Pit of Success: in stark contrast to a summit, a peak, or a journey across a desert to find victory through many trials and surprises, we want our customers to simply fall into winning practices by using our platform and frameworks. To the extent that we make it easy to get into trouble we fail. –Rico Mariani

Unfortunately, building asynchronous software has not always been easy, but with C# 5.0 you will see how easy it can be. As you can see in the following diagram, executing multiple actions concurrently can bring various positive qualities to your programs:

Asynchrony

Parallel execution can bring performance improvements to the execution of a program. The best way to put this into context is by way of an example, an example that has been experienced all too often in the world of desktop software.

Let's say you have an application that you are developing, and this software should fulfill the following requirements:

  1. When the user clicks on a button, initiate a call to a web service.
  2. Upon completion of the web service call, store the results into a database.
  3. Finally, bind the results and display them to the user.

There are a number of problems with the naïve way of implementing this solution. The first is that many developers write code in such a way that the user interface will be completely unresponsive while we are waiting to receive the results of these web service calls. Then, once the results finally arrive, we continue to make the user wait while we store the results in a database, an operation that the user does not care about in this case.

The primary vehicle for mitigating these kinds of problems in the past has been writing multithreaded code. This is of course nothing new, as multi-threaded hardware has been around for many years, along with software capabilities to take advantage of this hardware. Most of the programming languages did not provide a very good abstraction layer on top of this hardware, often letting (or requiring) you program directly against the hardware threads.

Thankfully, Microsoft introduced a new library to simplify the task of writing highly concurrent programs, which is explained in the next section.

Task Parallel Library

The Task Parallel Library (TPL) was introduced in .NET 4.0 (along with C# 4.0). We did not cover it in Chapter 2, Evolution of C#, for several reasons. Firstly, it is a huge topic and could not have been examined properly in such a small space. Secondly, it is highly relevant to the new asynchrony features in C# 5.0, so much so that they are the literal foundation upon which the new features are built. So, in this section, we will cover the basics of the TPL, along with some of the background information about how and why it works.

TPL introduces a new type, the Task type, which abstracts away the concept of something that must be done into an object. At first glance, you might think that this abstraction already exists in the form of the Thread class. While there are some similarities between Task and Thread, the implementations have quite different implications.

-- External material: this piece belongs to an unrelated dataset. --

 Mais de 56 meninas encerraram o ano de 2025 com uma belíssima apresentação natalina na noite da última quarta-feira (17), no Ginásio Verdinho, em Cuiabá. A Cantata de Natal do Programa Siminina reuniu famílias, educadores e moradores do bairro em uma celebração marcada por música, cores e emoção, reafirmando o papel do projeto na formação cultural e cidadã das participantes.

With a Thread class, you can program directly against the lowest level of parallelism supported by the operating system, as shown in the following code:

Thread thread = new Thread(new ThreadStart(() =>
{
Thread.Sleep(1000);
Console.WriteLine("Hello, from the Thread");
    }));
thread.Start();

Console.WriteLine("Hello, from the main thread");
thread.Join();

In the previous example, we create a new Thread class, which when started will sleep for a second and then write out the text Hello, from the Thread. After we call thread.Start(), the code on the main thread immediately continues and writes Hello, from the main thread. After a second, we see the text from the background thread printed to the screen.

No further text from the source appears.